**Task description:** What I need is an exact repeat of the lines from the one with "Σχολικό εγχειρίδιο Αρχαίων" through the end of the listing below. Leave out every picture.

START Available data

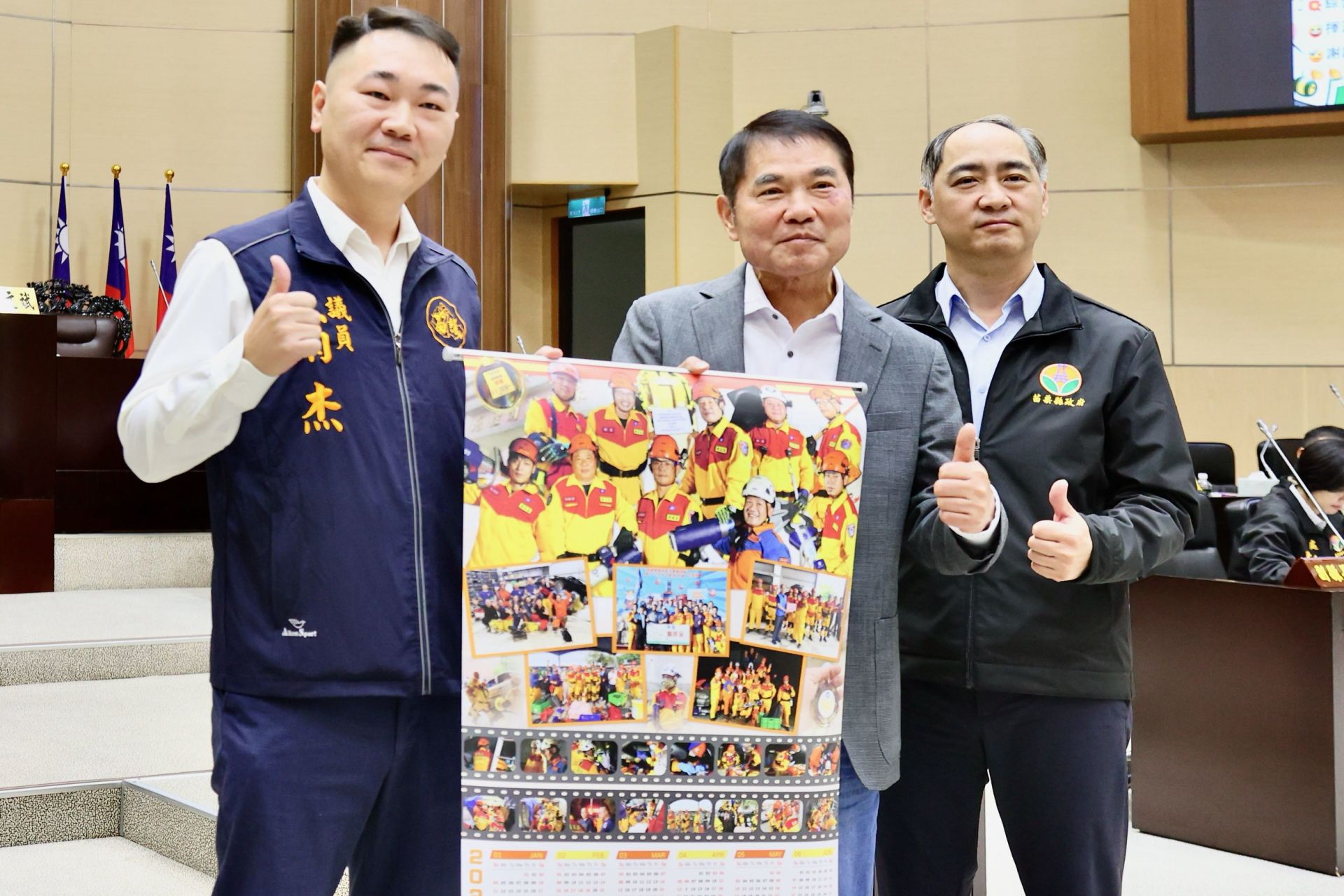 消防議題:翁杰議員於上個會期建議消防局補充相關義消裝備,並請問目前進度,消防局長表示相關裝備今年都已有編入預算,陸續補充當中,此外翁杰議員也對局長肯定在本年度苗栗縣主辦的「全國義消競技大賽」苗栗隊的努力表現!另感謝義消總隊長鍾縣長對於獲得佳績的隊伍額外加碼,最後翁杰議員獻上以隊伍訓練參與其間照片設計的2026獨家年曆給鍾東錦縣長。
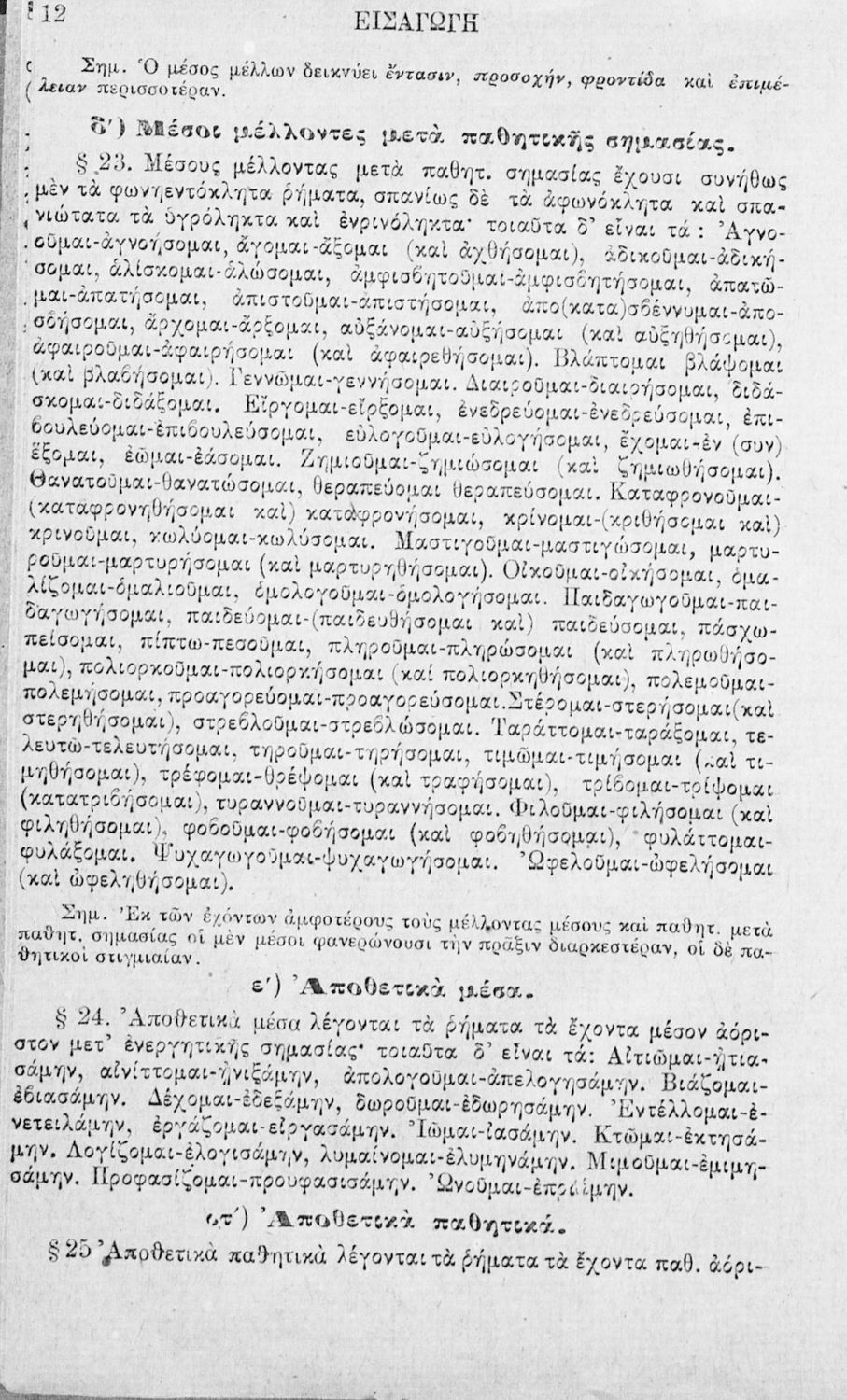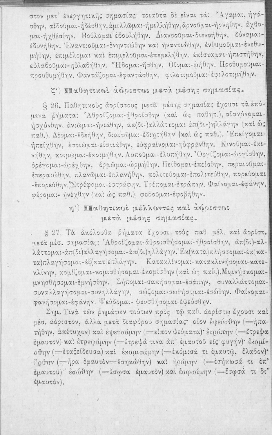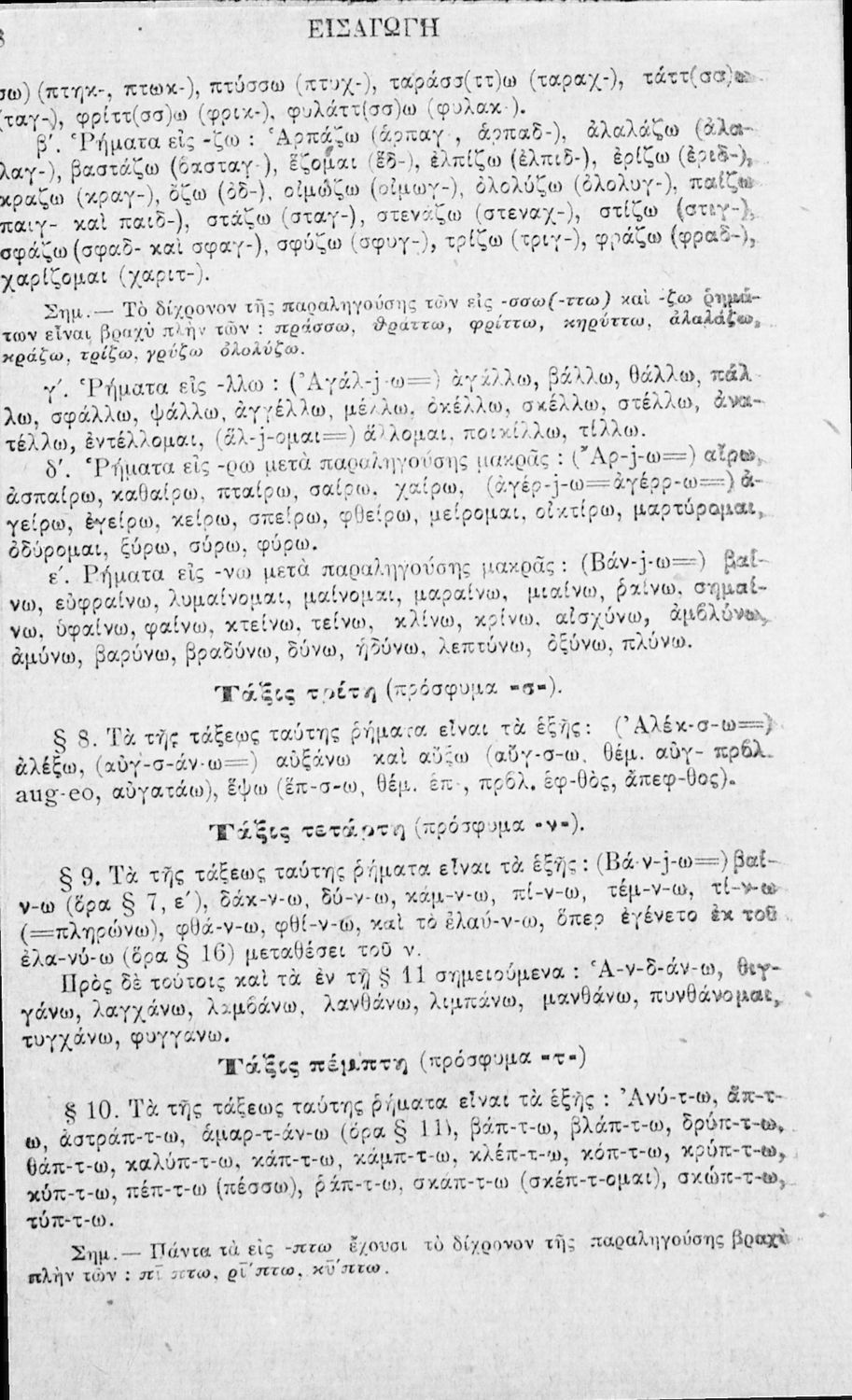 Σχολικό εγχειρίδιο Αρχαίων Ελληνικών για τα Ελληνικά Σχολεία, Παρθεναγωγεία και Γυμνάσια που περιέχει τους κανόνες γραμματικής και είναι χωρισμένο σε φθογγολογικό, τυπολογικό και ετυμολογικό μέρος.
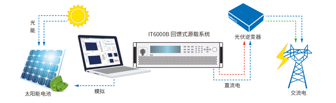 IT6000B系列采用SiC技术,将双向电源和回馈负载集成到了仅3U体积的一台仪器内。一个按键就可以让它在双向电源和回馈负载中间自由切换,不光可以作为一台独立的双向电源使用,实现source的功能,提供功率;也可以作为一台独立的回馈负载使用,不但可以吸收功率还能将消耗的能量清洁的返回至电网,具有标准的双象限功能。
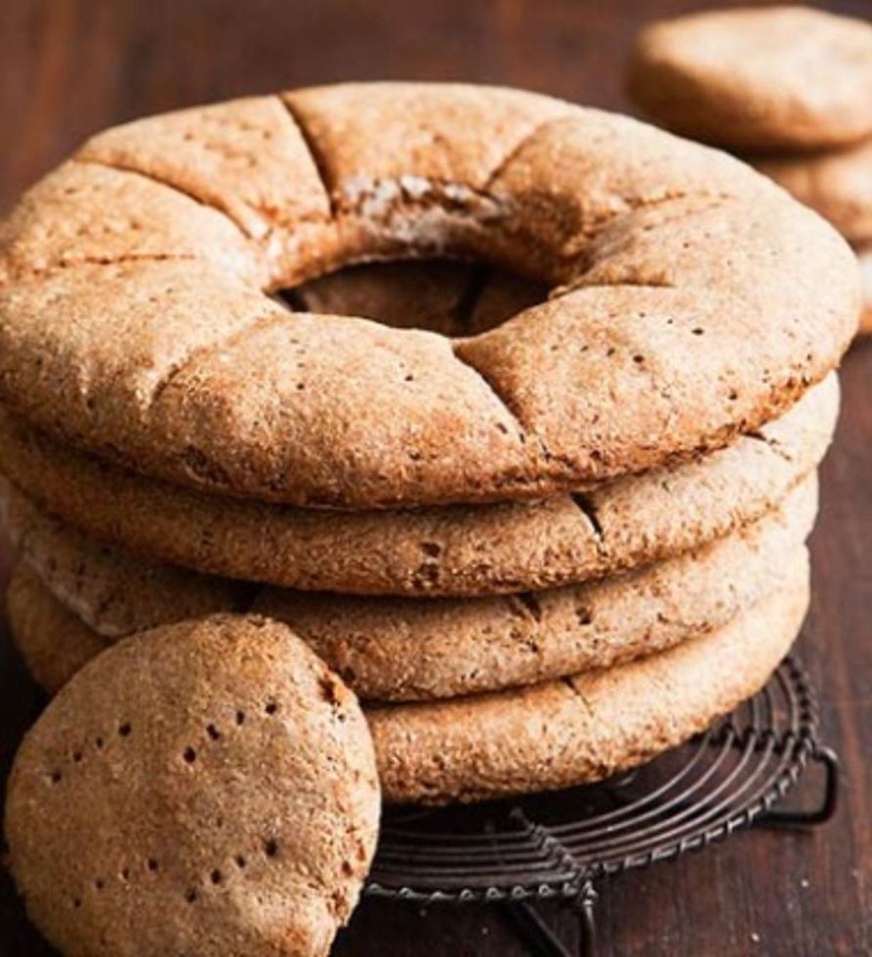 - Viillä reikäleipiin leikkausviillot ja pistele leipiä haarukalla. Paista 175 asteisen uunin alimmalla ritilätasolla noin 30 minuuttia. Suihkauta halutessasi vettä leiville paiston puolivälissä. Kääri leivät leivinliinaan jäähtymään, jotta kuori pehmenisi.

END Available data

**Final answer:**
 Σχολικό εγχειρίδιο Αρχαίων Ελληνικών για τα Ελληνικά Σχολεία, Παρθεναγωγεία και Γυμνάσια που περιέχει τους κανόνες γραμματικής και είναι χωρισμένο σε φθογγολογικό, τυπολογικό και ετυμολογικό μέρος.
 IT6000B系列采用SiC技术,将双向电源和回馈负载集成到了仅3U体积的一台仪器内。一个按键就可以让它在双向电源和回馈负载中间自由切换,不光可以作为一台独立的双向电源使用,实现source的功能,提供功率;也可以作为一台独立的回馈负载使用,不但可以吸收功率还能将消耗的能量清洁的返回至电网,具有标准的双象限功能。
 - Viillä reikäleipiin leikkausviillot ja pistele leipiä haarukalla. Paista 175 asteisen uunin alimmalla ritilätasolla noin 30 minuuttia. Suihkauta halutessasi vettä leiville paiston puolivälissä. Kääri leivät leivinliinaan jäähtymään, jotta kuori pehmenisi.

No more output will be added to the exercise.